REQUIRED ACTION
Please write out the listing exactly, leaving each picture out.

GIVEN RECORDS
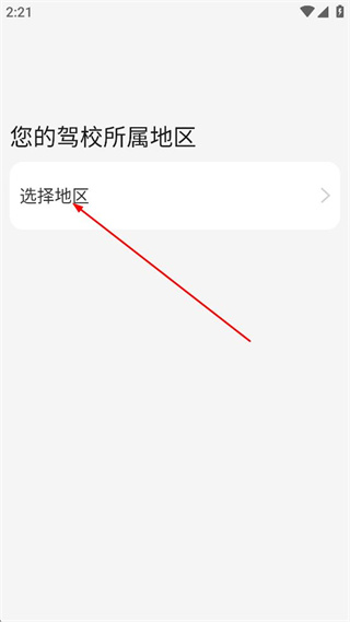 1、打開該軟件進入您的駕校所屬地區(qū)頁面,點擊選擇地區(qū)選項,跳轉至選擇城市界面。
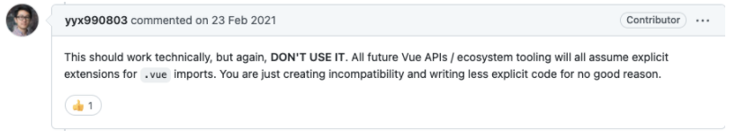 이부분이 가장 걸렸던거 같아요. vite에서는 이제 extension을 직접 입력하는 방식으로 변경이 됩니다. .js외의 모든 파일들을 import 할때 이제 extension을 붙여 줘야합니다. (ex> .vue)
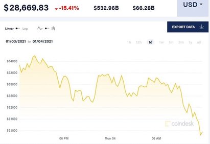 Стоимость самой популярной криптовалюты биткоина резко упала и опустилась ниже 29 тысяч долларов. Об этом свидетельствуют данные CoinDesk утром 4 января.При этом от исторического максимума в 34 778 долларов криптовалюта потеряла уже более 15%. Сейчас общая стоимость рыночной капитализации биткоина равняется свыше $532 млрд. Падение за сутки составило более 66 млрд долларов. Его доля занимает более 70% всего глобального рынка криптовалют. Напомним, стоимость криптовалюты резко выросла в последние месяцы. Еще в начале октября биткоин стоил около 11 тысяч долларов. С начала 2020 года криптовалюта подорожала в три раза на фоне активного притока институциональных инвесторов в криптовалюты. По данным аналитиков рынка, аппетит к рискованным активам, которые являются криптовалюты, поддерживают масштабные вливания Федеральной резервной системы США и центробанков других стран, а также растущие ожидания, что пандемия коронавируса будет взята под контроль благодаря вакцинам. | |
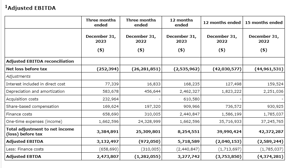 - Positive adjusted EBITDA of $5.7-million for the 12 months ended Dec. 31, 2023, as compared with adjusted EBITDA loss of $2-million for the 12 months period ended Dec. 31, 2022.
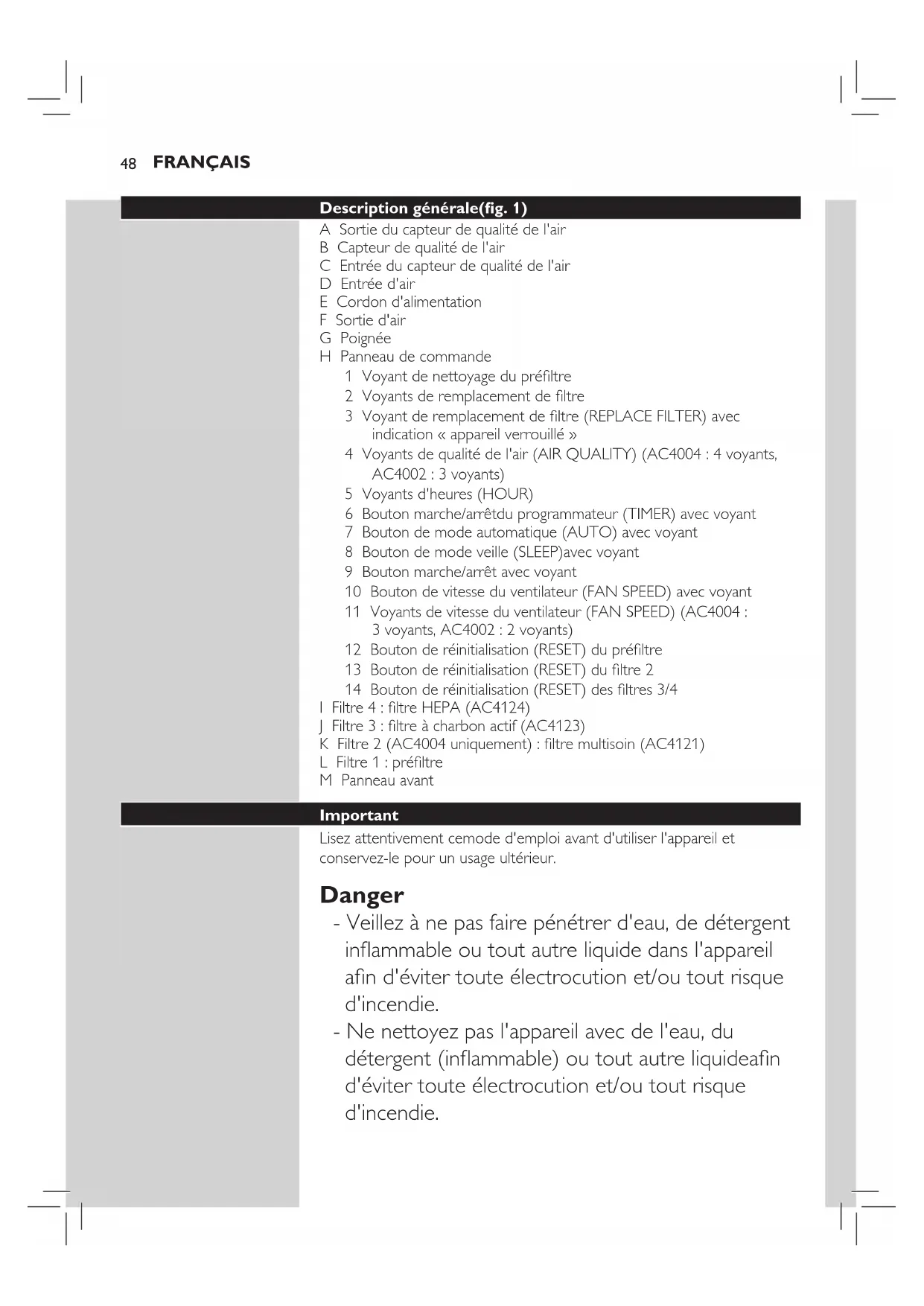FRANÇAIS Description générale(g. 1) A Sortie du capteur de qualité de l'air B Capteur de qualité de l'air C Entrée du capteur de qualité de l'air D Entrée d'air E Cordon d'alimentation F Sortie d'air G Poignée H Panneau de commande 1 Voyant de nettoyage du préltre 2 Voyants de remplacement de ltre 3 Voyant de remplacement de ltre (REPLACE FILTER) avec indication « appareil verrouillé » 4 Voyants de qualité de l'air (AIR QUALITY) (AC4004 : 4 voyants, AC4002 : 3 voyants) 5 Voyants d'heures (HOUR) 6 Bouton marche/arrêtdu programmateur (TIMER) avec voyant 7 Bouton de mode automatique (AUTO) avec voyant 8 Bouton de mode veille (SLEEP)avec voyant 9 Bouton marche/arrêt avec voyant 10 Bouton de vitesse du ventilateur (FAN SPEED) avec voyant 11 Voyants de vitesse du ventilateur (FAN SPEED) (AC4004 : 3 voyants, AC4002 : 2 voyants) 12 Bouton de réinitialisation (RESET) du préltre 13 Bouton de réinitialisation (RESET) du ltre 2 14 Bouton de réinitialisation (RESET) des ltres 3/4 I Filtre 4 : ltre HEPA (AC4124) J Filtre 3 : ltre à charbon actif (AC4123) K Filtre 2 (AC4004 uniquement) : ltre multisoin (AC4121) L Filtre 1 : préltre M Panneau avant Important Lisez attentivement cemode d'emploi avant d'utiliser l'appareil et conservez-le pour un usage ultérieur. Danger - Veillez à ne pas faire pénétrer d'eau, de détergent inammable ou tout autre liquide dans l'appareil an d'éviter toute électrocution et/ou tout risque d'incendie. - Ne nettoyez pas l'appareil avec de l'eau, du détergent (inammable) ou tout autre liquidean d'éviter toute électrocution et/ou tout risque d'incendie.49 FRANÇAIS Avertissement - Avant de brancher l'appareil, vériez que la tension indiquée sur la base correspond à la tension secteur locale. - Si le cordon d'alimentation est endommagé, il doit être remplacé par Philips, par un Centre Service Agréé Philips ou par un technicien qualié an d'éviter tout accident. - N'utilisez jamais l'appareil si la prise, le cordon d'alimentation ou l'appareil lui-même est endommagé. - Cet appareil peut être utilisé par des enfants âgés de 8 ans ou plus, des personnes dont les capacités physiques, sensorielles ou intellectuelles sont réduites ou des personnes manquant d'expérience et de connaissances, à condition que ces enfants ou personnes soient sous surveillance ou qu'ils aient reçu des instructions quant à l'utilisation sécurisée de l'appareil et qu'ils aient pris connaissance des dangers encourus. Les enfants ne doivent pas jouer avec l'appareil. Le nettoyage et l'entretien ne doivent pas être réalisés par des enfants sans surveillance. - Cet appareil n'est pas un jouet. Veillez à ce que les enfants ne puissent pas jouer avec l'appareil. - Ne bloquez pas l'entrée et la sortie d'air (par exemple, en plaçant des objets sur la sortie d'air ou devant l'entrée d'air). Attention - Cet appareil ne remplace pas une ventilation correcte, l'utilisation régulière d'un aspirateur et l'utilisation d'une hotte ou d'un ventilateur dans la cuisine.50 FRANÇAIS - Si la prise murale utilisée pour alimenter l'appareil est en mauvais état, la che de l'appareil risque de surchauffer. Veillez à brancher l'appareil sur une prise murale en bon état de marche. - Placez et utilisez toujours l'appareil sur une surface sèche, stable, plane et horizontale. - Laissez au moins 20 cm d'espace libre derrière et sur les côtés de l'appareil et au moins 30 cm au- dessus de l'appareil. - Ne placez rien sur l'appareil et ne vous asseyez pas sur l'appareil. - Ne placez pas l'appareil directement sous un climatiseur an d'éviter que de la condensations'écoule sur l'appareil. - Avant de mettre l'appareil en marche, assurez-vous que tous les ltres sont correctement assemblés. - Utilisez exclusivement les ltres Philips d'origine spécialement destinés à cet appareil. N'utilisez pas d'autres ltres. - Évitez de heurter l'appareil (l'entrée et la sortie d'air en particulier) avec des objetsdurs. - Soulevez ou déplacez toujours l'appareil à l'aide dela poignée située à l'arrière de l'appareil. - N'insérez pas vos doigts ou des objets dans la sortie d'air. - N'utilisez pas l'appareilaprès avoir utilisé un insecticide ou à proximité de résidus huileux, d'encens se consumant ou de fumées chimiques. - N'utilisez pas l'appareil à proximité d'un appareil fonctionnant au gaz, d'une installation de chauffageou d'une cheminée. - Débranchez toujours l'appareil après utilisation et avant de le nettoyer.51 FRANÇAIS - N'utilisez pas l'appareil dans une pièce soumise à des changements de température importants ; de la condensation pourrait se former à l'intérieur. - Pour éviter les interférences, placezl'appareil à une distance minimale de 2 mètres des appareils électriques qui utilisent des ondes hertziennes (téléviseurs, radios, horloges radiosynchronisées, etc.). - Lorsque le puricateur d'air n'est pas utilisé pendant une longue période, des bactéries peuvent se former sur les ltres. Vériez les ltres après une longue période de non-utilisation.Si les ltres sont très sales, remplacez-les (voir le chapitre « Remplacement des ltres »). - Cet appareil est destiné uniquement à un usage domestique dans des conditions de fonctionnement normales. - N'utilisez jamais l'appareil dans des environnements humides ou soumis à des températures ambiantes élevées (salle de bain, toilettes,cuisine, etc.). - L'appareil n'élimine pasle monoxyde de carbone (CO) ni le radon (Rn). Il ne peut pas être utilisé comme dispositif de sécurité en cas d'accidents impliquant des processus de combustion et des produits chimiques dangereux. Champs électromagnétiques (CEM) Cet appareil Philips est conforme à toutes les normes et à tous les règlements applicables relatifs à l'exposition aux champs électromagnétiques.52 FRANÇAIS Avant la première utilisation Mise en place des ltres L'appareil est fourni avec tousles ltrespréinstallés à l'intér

TASK RESULT
 1、打開該軟件進入您的駕校所屬地區(qū)頁面,點擊選擇地區(qū)選項,跳轉至選擇城市界面。
 이부분이 가장 걸렸던거 같아요. vite에서는 이제 extension을 직접 입력하는 방식으로 변경이 됩니다. .js외의 모든 파일들을 import 할때 이제 extension을 붙여 줘야합니다. (ex> .vue)
 Стоимость самой популярной криптовалюты биткоина резко упала и опустилась ниже 29 тысяч долларов. Об этом свидетельствуют данные CoinDesk утром 4 января.При этом от исторического максимума в 34 778 долларов криптовалюта потеряла уже более 15%. Сейчас общая стоимость рыночной капитализации биткоина равняется свыше $532 млрд. Падение за сутки составило более 66 млрд долларов. Его доля занимает более 70% всего глобального рынка криптовалют. Напомним, стоимость криптовалюты резко выросла в последние месяцы. Еще в начале октября биткоин стоил около 11 тысяч долларов. С начала 2020 года криптовалюта подорожала в три раза на фоне активного притока институциональных инвесторов в криптовалюты. По данным аналитиков рынка, аппетит к рискованным активам, которые являются криптовалюты, поддерживают масштабные вливания Федеральной резервной системы США и центробанков других стран, а также растущие ожидания, что пандемия коронавируса будет взята под контроль благодаря вакцинам. | |
 - Positive adjusted EBITDA of $5.7-million for the 12 months ended Dec. 31, 2023, as compared with adjusted EBITDA loss of $2-million for the 12 months period ended Dec. 31, 2022.
FRANÇAIS Description générale(g. 1) A Sortie du capteur de qualité de l'air B Capteur de qualité de l'air C Entrée du capteur de qualité de l'air D Entrée d'air E Cordon d'alimentation F Sortie d'air G Poignée H Panneau de commande 1 Voyant de nettoyage du préltre 2 Voyants de remplacement de ltre 3 Voyant de remplacement de ltre (REPLACE FILTER) avec indication « appareil verrouillé » 4 Voyants de qualité de l'air (AIR QUALITY) (AC4004 : 4 voyants, AC4002 : 3 voyants) 5 Voyants d'heures (HOUR) 6 Bouton marche/arrêtdu programmateur (TIMER) avec voyant 7 Bouton de mode automatique (AUTO) avec voyant 8 Bouton de mode veille (SLEEP)avec voyant 9 Bouton marche/arrêt avec voyant 10 Bouton de vitesse du ventilateur (FAN SPEED) avec voyant 11 Voyants de vitesse du ventilateur (FAN SPEED) (AC4004 : 3 voyants, AC4002 : 2 voyants) 12 Bouton de réinitialisation (RESET) du préltre 13 Bouton de réinitialisation (RESET) du ltre 2 14 Bouton de réinitialisation (RESET) des ltres 3/4 I Filtre 4 : ltre HEPA (AC4124) J Filtre 3 : ltre à charbon actif (AC4123) K Filtre 2 (AC4004 uniquement) : ltre multisoin (AC4121) L Filtre 1 : préltre M Panneau avant Important Lisez attentivement cemode d'emploi avant d'utiliser l'appareil et conservez-le pour un usage ultérieur. Danger - Veillez à ne pas faire pénétrer d'eau, de détergent inammable ou tout autre liquide dans l'appareil an d'éviter toute électrocution et/ou tout risque d'incendie. - Ne nettoyez pas l'appareil avec de l'eau, du détergent (inammable) ou tout autre liquidean d'éviter toute électrocution et/ou tout risque d'incendie.49 FRANÇAIS Avertissement - Avant de brancher l'appareil, vériez que la tension indiquée sur la base correspond à la tension secteur locale. - Si le cordon d'alimentation est endommagé, il doit être remplacé par Philips, par un Centre Service Agréé Philips ou par un technicien qualié an d'éviter tout accident. - N'utilisez jamais l'appareil si la prise, le cordon d'alimentation ou l'appareil lui-même est endommagé. - Cet appareil peut être utilisé par des enfants âgés de 8 ans ou plus, des personnes dont les capacités physiques, sensorielles ou intellectuelles sont réduites ou des personnes manquant d'expérience et de connaissances, à condition que ces enfants ou personnes soient sous surveillance ou qu'ils aient reçu des instructions quant à l'utilisation sécurisée de l'appareil et qu'ils aient pris connaissance des dangers encourus. Les enfants ne doivent pas jouer avec l'appareil. Le nettoyage et l'entretien ne doivent pas être réalisés par des enfants sans surveillance. - Cet appareil n'est pas un jouet. Veillez à ce que les enfants ne puissent pas jouer avec l'appareil. - Ne bloquez pas l'entrée et la sortie d'air (par exemple, en plaçant des objets sur la sortie d'air ou devant l'entrée d'air). Attention - Cet appareil ne remplace pas une ventilation correcte, l'utilisation régulière d'un aspirateur et l'utilisation d'une hotte ou d'un ventilateur dans la cuisine.50 FRANÇAIS - Si la prise murale utilisée pour alimenter l'appareil est en mauvais état, la che de l'appareil risque de surchauffer. Veillez à brancher l'appareil sur une prise murale en bon état de marche. - Placez et utilisez toujours l'appareil sur une surface sèche, stable, plane et horizontale. - Laissez au moins 20 cm d'espace libre derrière et sur les côtés de l'appareil et au moins 30 cm au- dessus de l'appareil. - Ne placez rien sur l'appareil et ne vous asseyez pas sur l'appareil. - Ne placez pas l'appareil directement sous un climatiseur an d'éviter que de la condensations'écoule sur l'appareil. - Avant de mettre l'appareil en marche, assurez-vous que tous les ltres sont correctement assemblés. - Utilisez exclusivement les ltres Philips d'origine spécialement destinés à cet appareil. N'utilisez pas d'autres ltres. - Évitez de heurter l'appareil (l'entrée et la sortie d'air en particulier) avec des objetsdurs. - Soulevez ou déplacez toujours l'appareil à l'aide dela poignée située à l'arrière de l'appareil. - N'insérez pas vos doigts ou des objets dans la sortie d'air. - N'utilisez pas l'appareilaprès avoir utilisé un insecticide ou à proximité de résidus huileux, d'encens se consumant ou de fumées chimiques. - N'utilisez pas l'appareil à proximité d'un appareil fonctionnant au gaz, d'une installation de chauffageou d'une cheminée. - Débranchez toujours l'appareil après utilisation et avant de le nettoyer.51 FRANÇAIS - N'utilisez pas l'appareil dans une pièce soumise à des changements de température importants ; de la condensation pourrait se former à l'intérieur. - Pour éviter les interférences, placezl'appareil à une distance minimale de 2 mètres des appareils électriques qui utilisent des ondes hertziennes (téléviseurs, radios, horloges radiosynchronisées, etc.). - Lorsque le puricateur d'air n'est pas utilisé pendant une longue période, des bactéries peuvent se former sur les ltres. Vériez les ltres après une longue période de non-utilisation.Si les ltres sont très sales, remplacez-les (voir le chapitre « Remplacement des ltres »). - Cet appareil est destiné uniquement à un usage domestique dans des conditions de fonctionnement normales. - N'utilisez jamais l'appareil dans des environnements humides ou soumis à des températures ambiantes élevées (salle de bain, toilettes,cuisine, etc.). - L'appareil n'élimine pasle monoxyde de carbone (CO) ni le radon (Rn). Il ne peut pas être utilisé comme dispositif de sécurité en cas d'accidents impliquant des processus de combustion et des produits chimiques dangereux. Champs électromagnétiques (CEM) Cet appareil Philips est conforme à toutes les normes et à tous les règlements applicables relatifs à l'exposition aux champs électromagnétiques.52 FRANÇAIS Avant la première utilisation Mise en place des ltres L'appareil est fourni avec tousles ltrespréinstallés à l'intér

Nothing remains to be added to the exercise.